[Opening SOURCE DATA section]
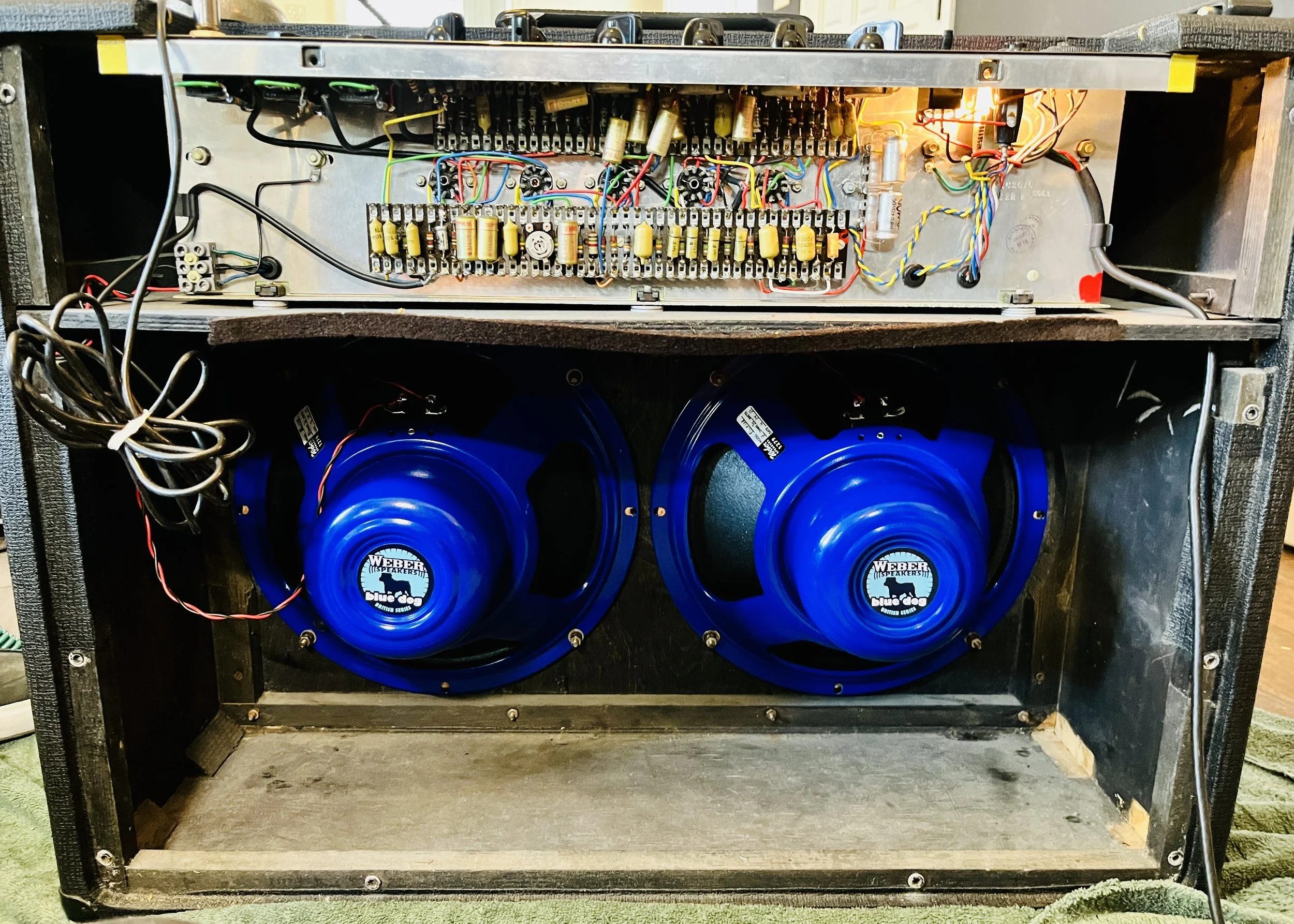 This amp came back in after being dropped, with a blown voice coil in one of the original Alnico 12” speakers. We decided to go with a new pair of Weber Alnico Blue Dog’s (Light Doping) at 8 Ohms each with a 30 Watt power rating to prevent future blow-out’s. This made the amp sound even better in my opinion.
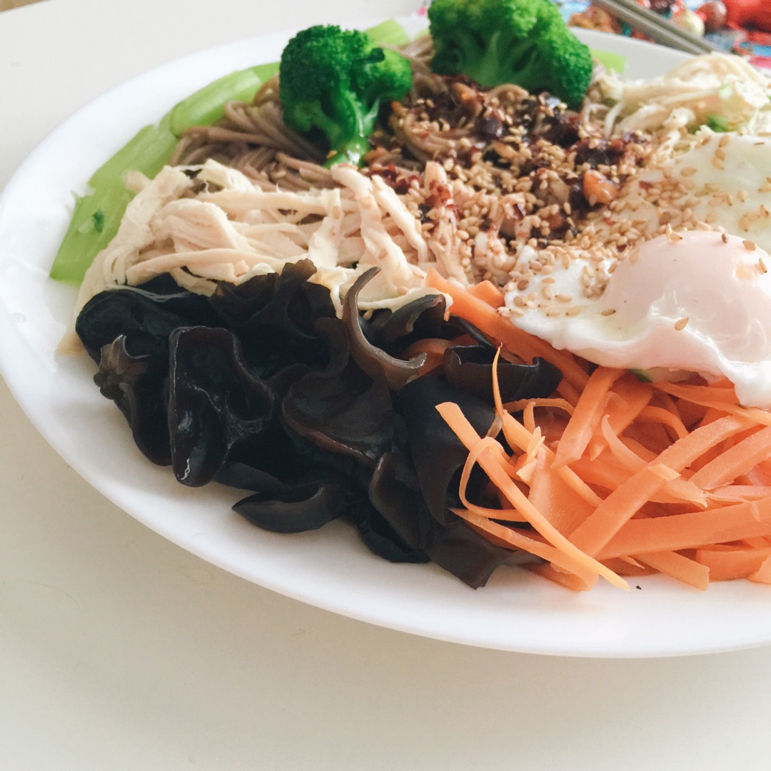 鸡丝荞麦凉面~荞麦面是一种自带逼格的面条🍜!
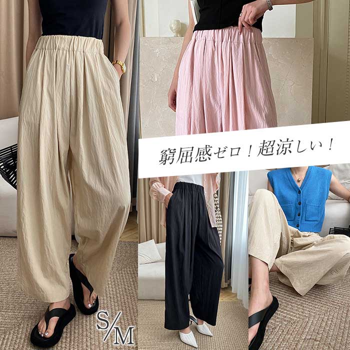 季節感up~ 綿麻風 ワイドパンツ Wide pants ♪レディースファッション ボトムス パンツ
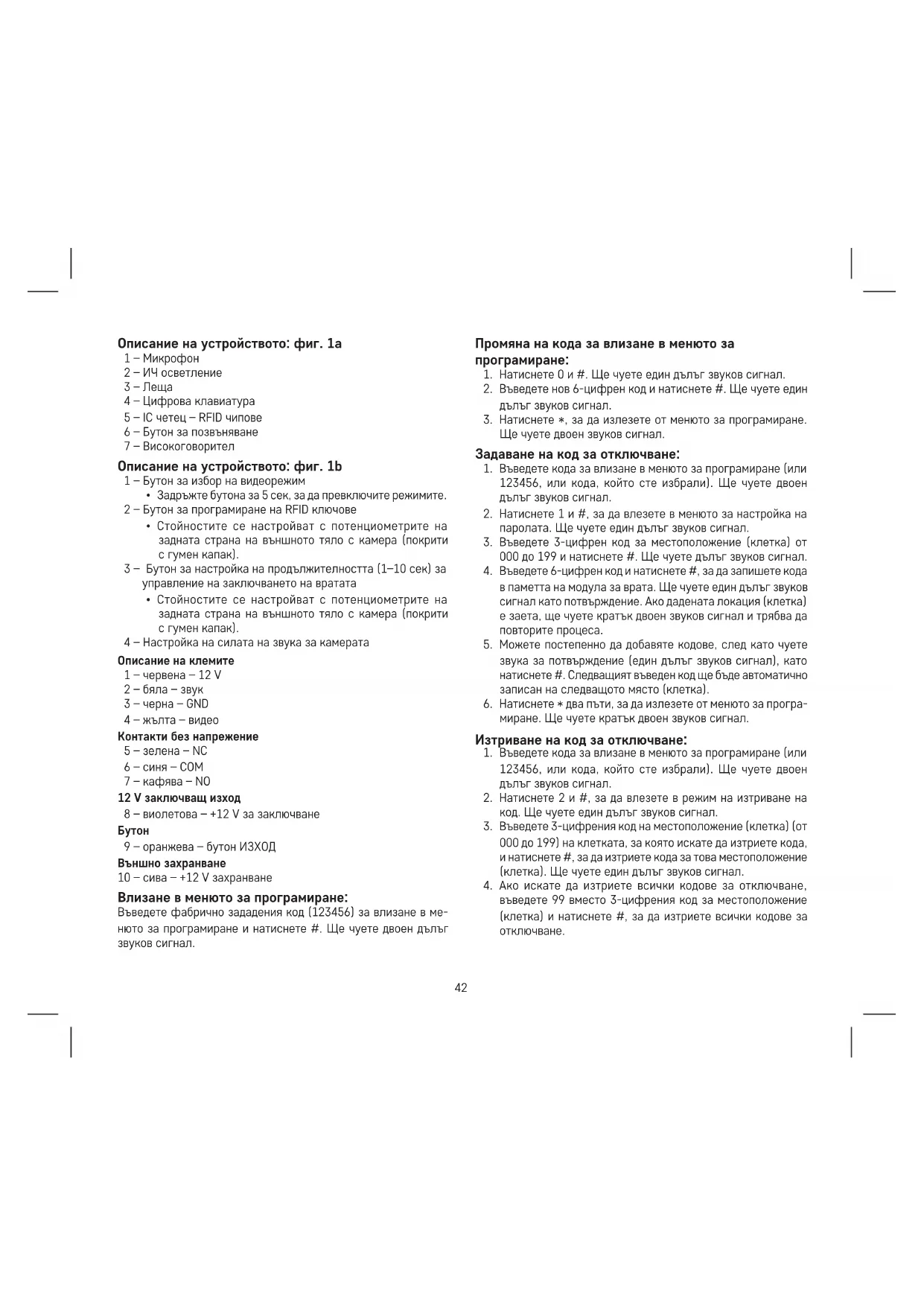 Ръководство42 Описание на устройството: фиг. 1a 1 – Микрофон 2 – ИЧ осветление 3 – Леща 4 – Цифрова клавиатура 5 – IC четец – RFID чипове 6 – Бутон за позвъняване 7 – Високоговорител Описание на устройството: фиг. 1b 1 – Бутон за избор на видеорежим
[Closing SOURCE DATA section]
[Opening SOURCE DATA section]
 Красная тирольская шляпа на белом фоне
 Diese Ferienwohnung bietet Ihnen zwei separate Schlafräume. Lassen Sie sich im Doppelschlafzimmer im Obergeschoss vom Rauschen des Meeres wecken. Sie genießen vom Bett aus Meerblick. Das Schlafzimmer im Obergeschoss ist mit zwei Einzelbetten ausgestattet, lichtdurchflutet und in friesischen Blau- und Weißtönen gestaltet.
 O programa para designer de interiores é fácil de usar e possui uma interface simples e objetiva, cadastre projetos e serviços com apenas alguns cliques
[Closing SOURCE DATA section]
▶ WHAT THE TASK ASKS
Copy only this from above: the line containing "This amp came", the line containing "Ръководство42 Описание на", and all lines between, printed exactly. Leave out the pictures.

▶ RESULT OF THIS TASK
 This amp came back in after being dropped, with a blown voice coil in one of the original Alnico 12” speakers. We decided to go with a new pair of Weber Alnico Blue Dog’s (Light Doping) at 8 Ohms each with a 30 Watt power rating to prevent future blow-out’s. This made the amp sound even better in my opinion.
 鸡丝荞麦凉面~荞麦面是一种自带逼格的面条🍜!
 季節感up~ 綿麻風 ワイドパンツ Wide pants ♪レディースファッション ボトムス パンツ
 Ръководство42 Описание на устройството: фиг. 1a 1 – Микрофон 2 – ИЧ осветление 3 – Леща 4 – Цифрова клавиатура 5 – IC четец – RFID чипове 6 – Бутон за позвъняване 7 – Високоговорител Описание на устройството: фиг. 1b 1 – Бутон за избор на видеорежим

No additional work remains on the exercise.